■ Activity ■
Among the entries below, which lines run from the line with "errorCorrectionLevel?: 'L' |" through the line with "오늘의 무료 투표권으로"? Retype those, both ends included, exactly and without pictures.

■ Source data ■

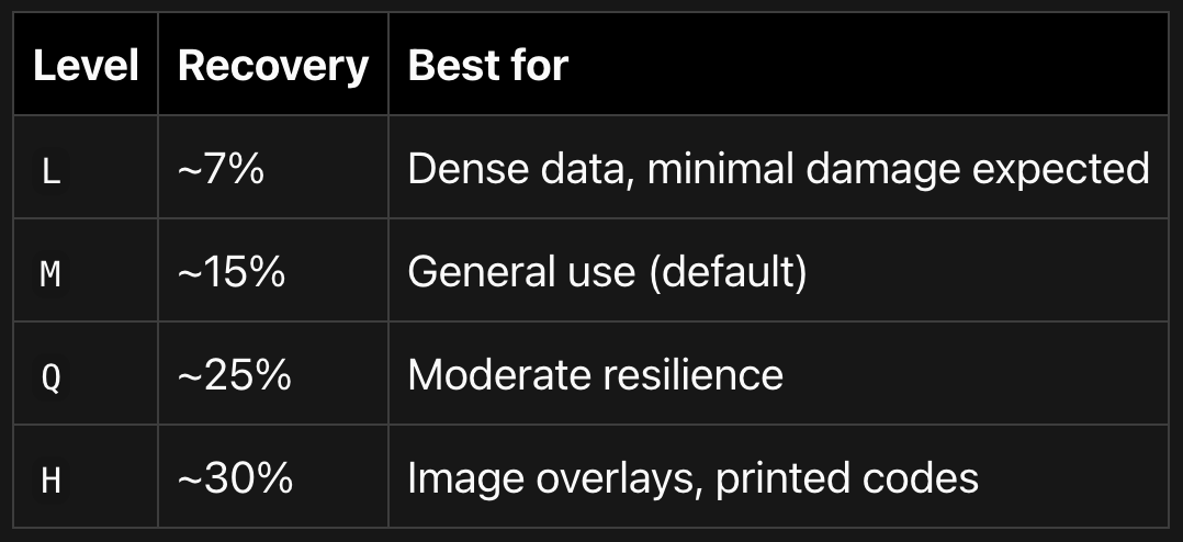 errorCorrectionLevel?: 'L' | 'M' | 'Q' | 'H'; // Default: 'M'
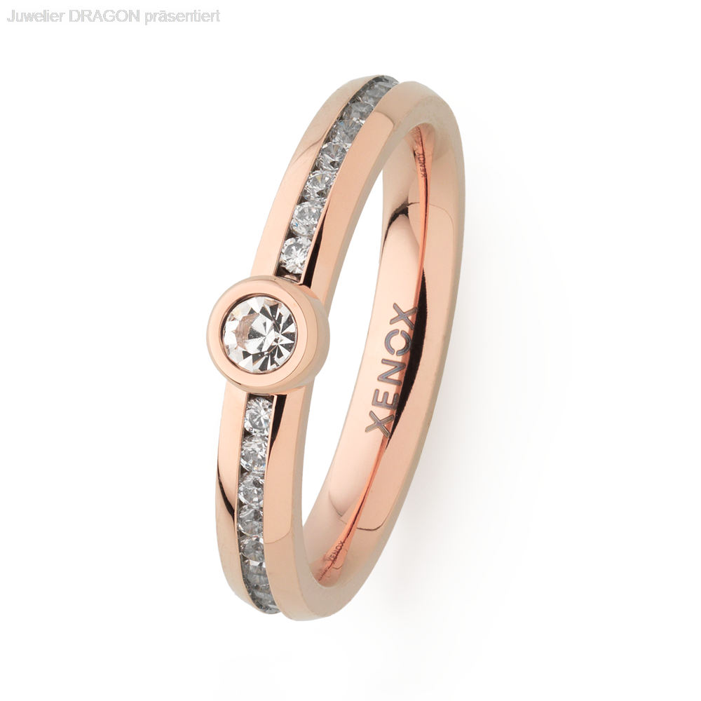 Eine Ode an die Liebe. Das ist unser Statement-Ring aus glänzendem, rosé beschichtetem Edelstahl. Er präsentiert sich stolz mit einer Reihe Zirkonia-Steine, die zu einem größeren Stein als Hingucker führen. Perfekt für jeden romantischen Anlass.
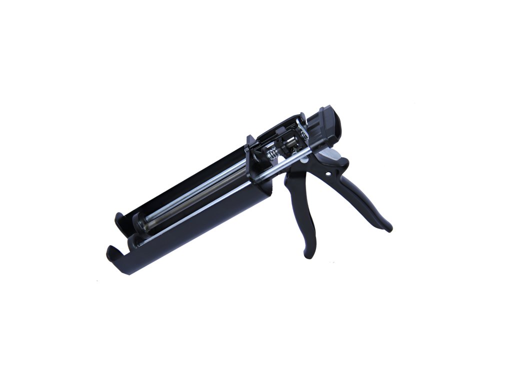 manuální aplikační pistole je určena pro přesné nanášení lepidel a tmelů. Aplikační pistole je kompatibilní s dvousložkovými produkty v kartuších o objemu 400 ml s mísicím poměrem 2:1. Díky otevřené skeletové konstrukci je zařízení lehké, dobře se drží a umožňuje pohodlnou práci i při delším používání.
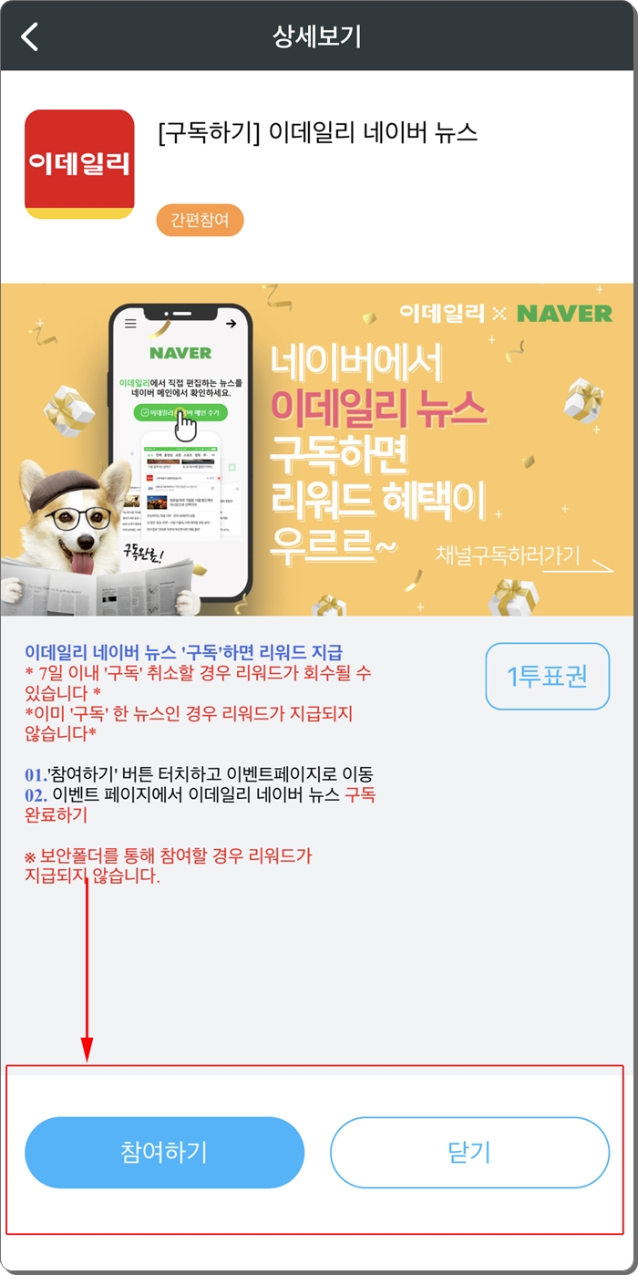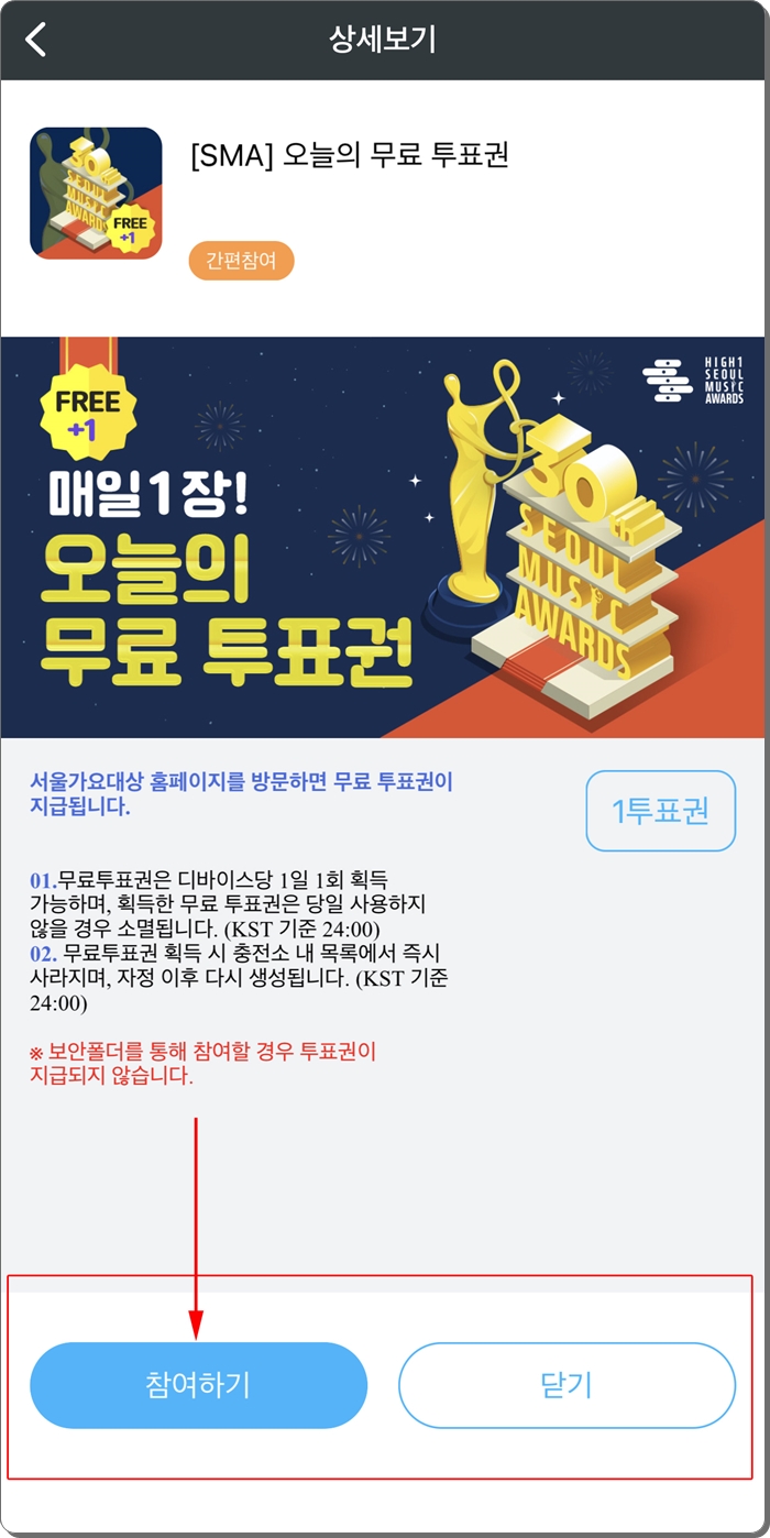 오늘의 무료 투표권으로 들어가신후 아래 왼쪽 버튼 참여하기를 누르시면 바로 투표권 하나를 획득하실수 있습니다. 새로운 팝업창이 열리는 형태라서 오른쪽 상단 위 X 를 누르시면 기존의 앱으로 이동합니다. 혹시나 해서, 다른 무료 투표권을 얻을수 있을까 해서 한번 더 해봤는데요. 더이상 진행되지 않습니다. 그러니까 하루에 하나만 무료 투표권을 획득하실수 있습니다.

==

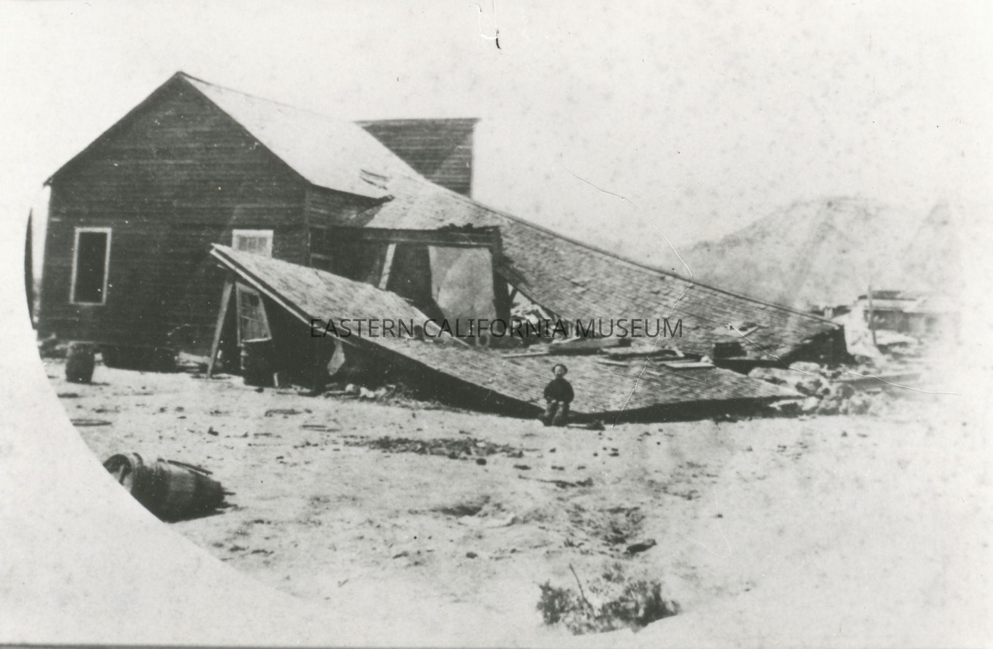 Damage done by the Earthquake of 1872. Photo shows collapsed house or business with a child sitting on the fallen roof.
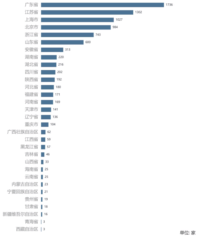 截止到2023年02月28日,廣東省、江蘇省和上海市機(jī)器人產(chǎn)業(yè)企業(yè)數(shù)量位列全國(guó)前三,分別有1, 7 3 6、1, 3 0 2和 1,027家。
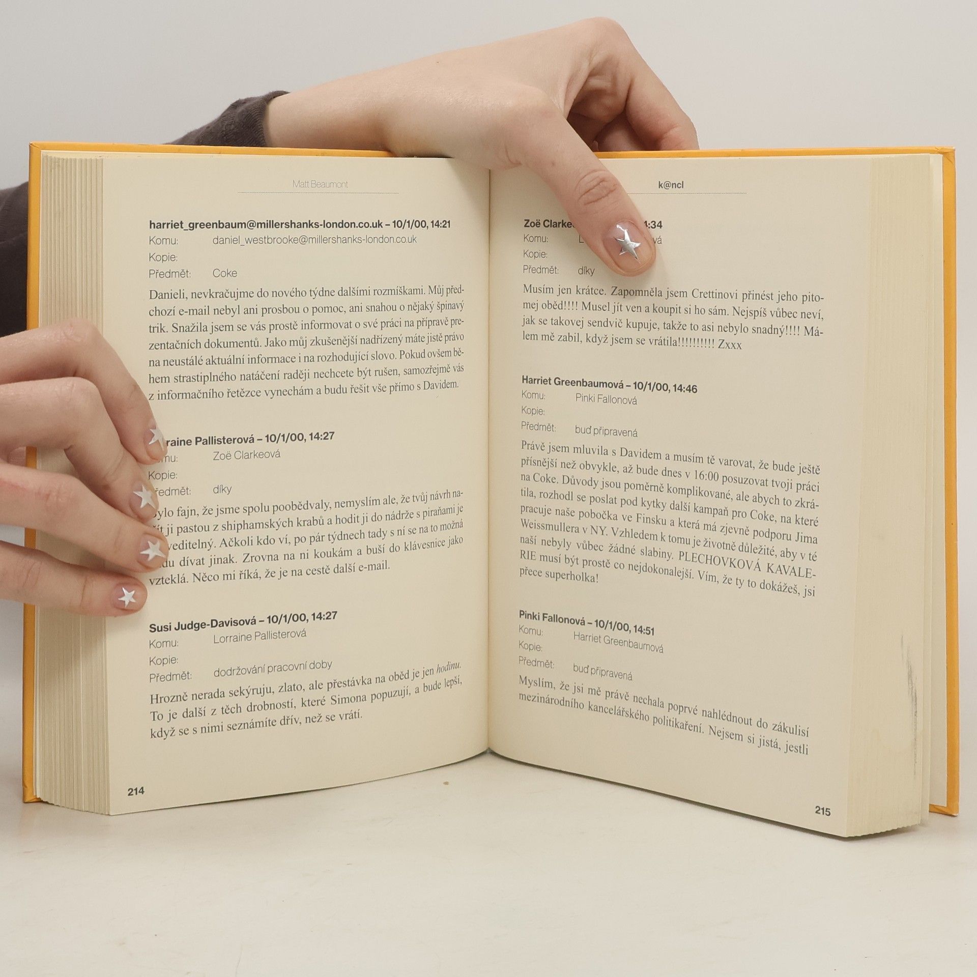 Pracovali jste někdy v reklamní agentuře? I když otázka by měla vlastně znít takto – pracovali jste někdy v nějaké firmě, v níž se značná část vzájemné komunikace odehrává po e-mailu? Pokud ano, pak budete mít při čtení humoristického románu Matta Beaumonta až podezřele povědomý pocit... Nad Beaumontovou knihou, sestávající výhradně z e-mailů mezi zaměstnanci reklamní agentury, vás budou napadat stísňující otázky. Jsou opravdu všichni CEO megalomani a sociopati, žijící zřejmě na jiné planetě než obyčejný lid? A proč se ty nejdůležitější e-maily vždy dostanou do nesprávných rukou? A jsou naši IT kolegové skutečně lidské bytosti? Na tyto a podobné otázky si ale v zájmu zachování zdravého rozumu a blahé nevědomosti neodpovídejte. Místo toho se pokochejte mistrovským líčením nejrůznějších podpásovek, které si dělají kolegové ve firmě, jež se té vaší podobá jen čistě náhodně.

■ Answer section ■
 errorCorrectionLevel?: 'L' | 'M' | 'Q' | 'H'; // Default: 'M'
 Eine Ode an die Liebe. Das ist unser Statement-Ring aus glänzendem, rosé beschichtetem Edelstahl. Er präsentiert sich stolz mit einer Reihe Zirkonia-Steine, die zu einem größeren Stein als Hingucker führen. Perfekt für jeden romantischen Anlass.
 manuální aplikační pistole je určena pro přesné nanášení lepidel a tmelů. Aplikační pistole je kompatibilní s dvousložkovými produkty v kartuších o objemu 400 ml s mísicím poměrem 2:1. Díky otevřené skeletové konstrukci je zařízení lehké, dobře se drží a umožňuje pohodlnou práci i při delším používání.
 오늘의 무료 투표권으로 들어가신후 아래 왼쪽 버튼 참여하기를 누르시면 바로 투표권 하나를 획득하실수 있습니다. 새로운 팝업창이 열리는 형태라서 오른쪽 상단 위 X 를 누르시면 기존의 앱으로 이동합니다. 혹시나 해서, 다른 무료 투표권을 얻을수 있을까 해서 한번 더 해봤는데요. 더이상 진행되지 않습니다. 그러니까 하루에 하나만 무료 투표권을 획득하실수 있습니다.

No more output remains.